Jesus Is The Perfect Representative Of Man (2:5-18)
The subject left off in chapter one verse 14, showing the superiority of Jesus, is now resumed. The author first shows the lowliness and dignity of man in general (v.5-8) by referring to Psalms 8:4-6. In comparison with all God created man is quite small. Yet God is mindful of  us and supplies us with those things we have need of. As far as rank is concerned, man is "a little lower than the angels." God crowned man with glory and honor and put him in a position of authority over all that He had created (cf.Gen.1:26). "But now we see not yet all things subjected to him." When man sinned in the Garden of Eden  (cf.Gen.3) he lost the glory and honor God had crowned him with and he lost authority over some things previously subjected to him. Death, for example, was no longer subject to man (cf.1 Cor.15:21,22).

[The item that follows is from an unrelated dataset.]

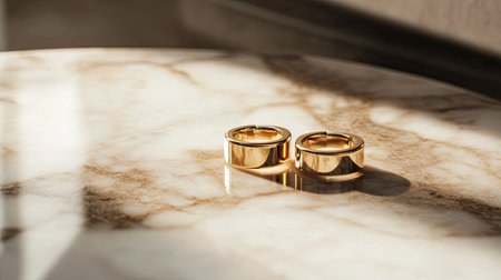 This image features elegant gold rings on a luxurious marble surface, beautifully illuminated by natural light, showcasing stunning textures and warm tones.
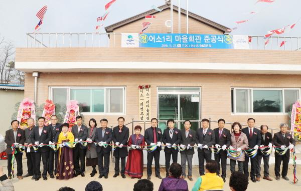평택시 청북읍은 지난 27일 정장선 평택시장, 권영화 시의장, 국회의원, 기관·단체장 등 내빈 및 마을주민 100여명이 참석한 가운데 어소1리 마을회관 준공식을 개최했다. 행사는 경과보고와 내빈 소개 및 마을회관 건립에 따른 축하 행사로 진행됐다.

Even though Jesus was above angels in rank (1:4-14), He humbled Himself and became a man (Phil.2:5-8), one "a little lower than the angels" (2:7,9). Why would Jesus for a time become lower than angels? First, to restore man to his former glory (v.9-13). He suffered a death crowned with glory and honor for every man (v.9). By such He is able to bring "many sons unto glory" (v.10). He was also made perfect, wholly fitted, to be our author, or leader, in salvation (v.10; cf.5:7-9). Since He became a man like you and me, He is one of us and therefore calls  us brethren (v.11-13). As His brethren we shall be  glorified with Him  (cf.Rom.8:16,17). Jesus became a man so he could restore man with the glory and honor he lost in  the Garden of Eden (see also Rom.8:29,30). Second, to destroy the power of Satan, redeeming man from the bondage of death (v.14-16). When man sinned in the Garden of Eden  he lost power over death. Jesus became flesh and blood like you and me so He could, through the death on the  cross, "bring to nought him that had the power of  death...the devil" (v.14). When Jesus died on the cross and was resurrected from the dead on the third day, He  conquered over death and Satan (see Gen.3:15; Matt.16:18;  1 Cor.15:21,22). By this triumph over death He was able to deliver us from the bondage of death (v.15;  cf.Jn.8:31-36). What man lost in the Garden of Eden Jesus regained at Calvary. Jesus lowered Himself to become a man to help men. He did not lower Himself to help angels (v.16). Third, to become qualified to be man's High Priest before God (v.17,18). When Jesus lowered Himself to become a man He became "in all unto his brethren" (v.17). This was necessary so He could become a  "merciful and faithful High Priest." To be merciful is to be compassionate or sympathetic. By experiencing the infirmities and trials of life He was able to feel the
necessity of being faithful in the office of High Priest which involves two responsibilities: offering sacrifices and making intercession. Jesus had to  become a man so He might sympathize with us and so He might be faithful to the great trust committed to Him to be our High Priest. Indeed He has been faithful in offering THE atoning sacrifice for all men.